It might surprise you to learn that the idea of a “species” is one of the more ambiguous concepts in science.
Originally, “species” (meaning “kind” or “sort” in Latin) was used to refer to organisms that looked different and, for more than 250 years, physical differences were used to differentiate between species.
But now, with the rise of a technique known as “DNA barcoding”, it’s easier than ever to determine the identity of and relationships between species.
In the 250 years since Swedish botanist Carl Linnaeus formalised the taxonomic method, there have been a number of discoveries that have necessitated a better definition of “species”.
Such discoveries include:
- sexual dimorphism: where sexes of the same species look different (such as lions and lionesses)
- metamorphosis: where organisms radically change in form (such as caterpillar to butterfly)
- homoplasy: where unrelated organisms look and function similarly due to similar environmental selection pressures (such as wing development in insects, birds and bats).
A shift to the idea of sexual isolation – the concept that a species is a group of organisms that can successfully interbreed – was useful from an ecological and evolutionary point of view, but not very handy for species identification. More recently, scientists have turned to genetics.
Comparing the genetic code of organisms has made species identification much easier, but there are still strong arguments about the level of genetic difference that indicates a boundary between species.
This lack of consensus about how to define a species really means any identification is subjective. Identification through taxonomy (the physical attributes of an organism) or phylogenetics (a species’ genetic code) is a bit of a “dark art”, relying on the opinion of one or a small number of experts. Such identifications are often highly contested.

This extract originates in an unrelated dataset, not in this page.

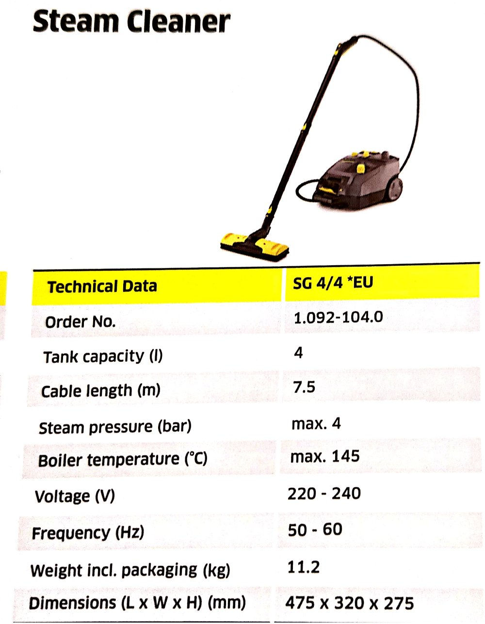 Tank Capacity (I): 4Cable Length (m): 7.5Steam Pressure (bar): Max 4Boiler Temperature (°C): Max 145Voltage (V): 220 - 240Frequency (Hz): 50 - 60Weight Including Packaging (kg): 11.2Dimensions (L x W x H)(mm): 475 x 320 x 275

For instance, the Eucalyptus genus has been controversially revised several times since the 1930s. This has included splitting Eucalyptus from one to three genera and 13 subgenera, and adding more than 100 species (usually as a result of splitting existing species).
In The Origin of Species, Charles Darwin said:
“No one definition has satisfied all naturalists; yet every naturalist knows vaguely what he means when he speaks of a species”.

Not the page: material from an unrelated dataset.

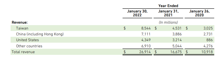 중국에 대한 수출 규제가 NVIDIA에 얼마나 큰 타격을 줄 수 있는지 알아보기 위해 NVIDIA의 중국(홍콩 포함) 매출 비율을 확인했습니다.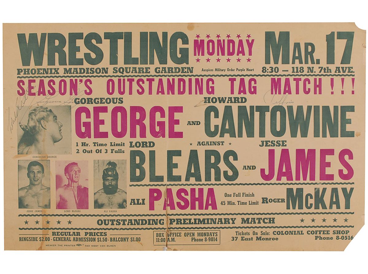Professional wrestler, real name George Raymond Wagner, (1915–1963), who gained mainstream popularity and became one of the biggest stars of the Golden Age of Wrestling. Original vintage broadside for a wrestling card at the Phoenix Madison Square Garden, 22 x 14, with the main event being a two out of three falls tag team match of Gorgeous George and Howard Cantowine against Lord Blears and Jesse James. Signed in blue ink above his image, “Gorgeous George,” and also signed by Lord Blears and one other. Partial separation along a vertical fold left of center, two missing corner tips, dampstaining to left side, a few small holes and dings, and some light contrast to end of George’s signature over his printed name, otherwise very good condition. Accompanied by a letter of authenticity from James Spence.

So for all of the difficulty we have in understanding and identifying species, a better question might be: does it really matter?
DNA barcoding is a recent development in genetics, in which a short DNA sequence is read from any genetic sample. This DNA sequence is recorded in a public database such as GenBank or Barcode of Life Data Systems (BOLD).

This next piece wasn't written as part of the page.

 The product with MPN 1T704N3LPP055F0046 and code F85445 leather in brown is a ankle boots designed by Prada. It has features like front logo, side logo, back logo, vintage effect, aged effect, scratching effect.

This sample can then be compared against all other samples to infer how closely related two organisms are. Rather than recording the best judgement of one scientist (or a small group) in saying that a specimen is of a particular species, DNA barcoding can provide a more objective analysis.
In a famous case study, DNA barcoding was used to demonstrate that a common butterfly from Central America was in fact a complex of at least ten species with very similar morphology (form and structure) living within the same region. This discovery exposed a wealth of hidden biodiversity.
For the first time in biology, DNA barcoding means each sample is a genuine “data point”, showing that at a certain place and a certain time, an organism with a recorded gene sequence was present. When species are reclassified or previous taxonomies are thrown into doubt, ambiguity about species boundaries are removed. All data collected are as valuable as the day they are recorded.
The availability of individual genetic data means we can transform ecology from a species-based to gene-based view. This is important, because it’s much closer to how the biological world actually works.
Ecosystems are really a dynamic system of genes with fluid boundaries between what we regard as species. While we think of “evolution” as a linear process whereby organisms become more complex, it’s really just the process whereby genes change in nature. This change is particularly fluid in the microscopic world, where bacteria can spontaneously incorporate genes from unrelated organisms into their own genetic code.
The collection of genetic information will also allow data to be processed in completely novel and complex ways, and with a level of robustness and quantification not previously possible. We can track individual genes across time and landscapes to understand the nature of evolution and how ecosystems around us are changing at the most fundamental level.
Embracing genetic technologies can transform ecology from a “soft science” – subject to the opinions and vagaries of a few scientists – to a “hard science”. Irrefutable data are collected and can be analysed in a multitude of different ways (including evolutionary relationships) shifting the way we view ecosystems.
Scientists will continue to use morphology for quick identification, and often this will be good enough. But for cutting-edge science and answering the next suite of questions in biology, we will need to improve our precision.
This isn’t to say we should completely abandon the concept of species but we can do better than to see the concept of “species” as static with rigid definitions and boundaries.